Psych 303
Goldman, Spring 2002
2/18, 2/20
I. Review the Hayes and Flower (1980) model.
The diagram shows the various elements of the writing process.
How do we read this diagram? What do the boxes and the arrows mean?
Key Points:
1. The task environment is comprised of the assignment and whatever text you’ve produced. That environment influences the Planning – Translating – and Revising elements of the process.
If it did not influence those, you’d have no way of ensuring that what you were writing was meeting the constraints of the audience or topic.
2. Planning is responsive to the topic and audience. So you’d expect that the decisions made in planning would be different depending on your topic.

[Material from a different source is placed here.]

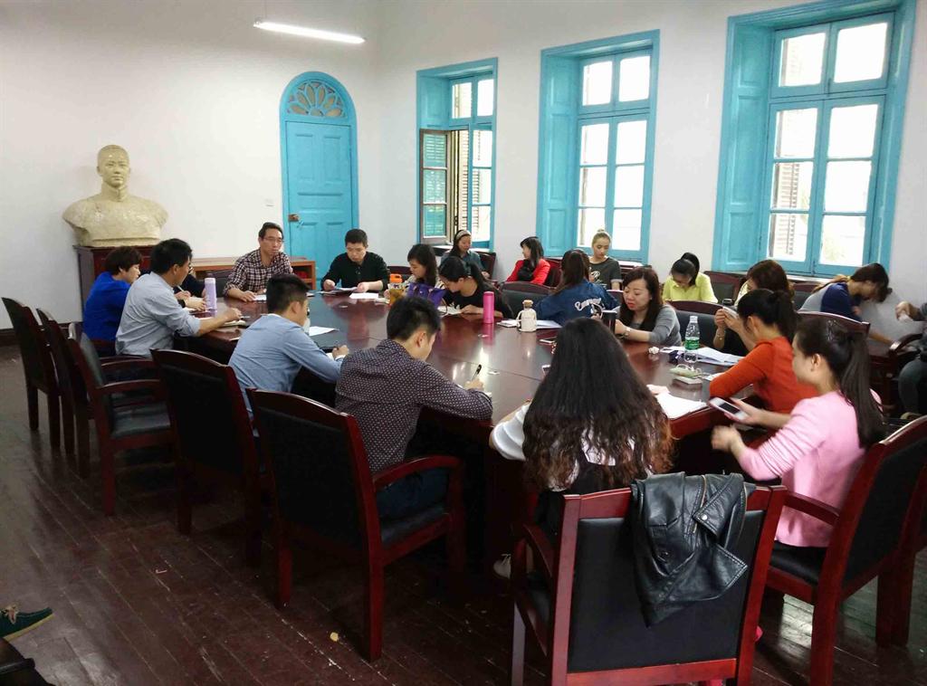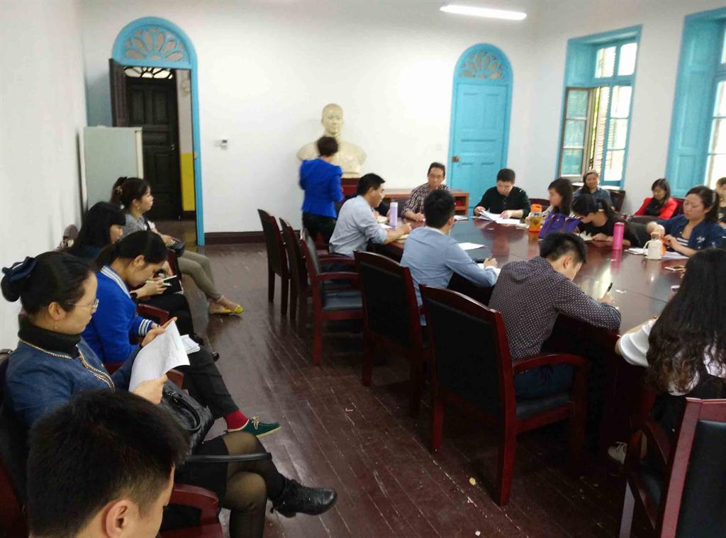 张尚晏院长首先向全体教师通报了学校近期出台的一系列规章制度,包括《湖南第一师范学院章程》、《学生课堂行为规范》、《教师课堂教学行为规范》、《课堂教学末位淘汰制》等,尤其对末位淘汰制度进行了重点解读,要求老师们要引起高度重视,认真对待督导听课,认真上好每一堂课。随后,张院长简要通报了4月15日学校本科教学评估反馈会议的有关情况。

If you were writing about health and beauty aids for a teenage magazine your planning would differ from what you’d plan if your were writing for an audience of health professionals.
3. Differences responsive to the task environment come out in what you select from what you generate and in how it is organized. Generated material is filtered through goal setting; you want what you select to contribute to meeting the goals you set for dealing with topic and audience.
Generation is based on what you know, represented as present in the writer’s long term memory. There are many kinds of knowledge –
topic knowledge (what you already knew and what you have knowledge of through literature search or experimentation you conduct),
knowledge of the audience (what they know, what it will take to “reach” them with your message, their biases, etc.),
knowledge of writing plans – this is rhetorical knowledge. Knowledge of the content and structure of different genre. Argument structure, narratives, biographies, stories.
Brainstorming and Asking Questions (discussed in SWM pp. 22, 23) are ways to generate.
A brainstorming
activity:
Three statements of research findings. Suppose you
were going to do research to verify or disconfirm them.
For the first one, generate terms you might use to
uncover information and ideas, to organize your argument.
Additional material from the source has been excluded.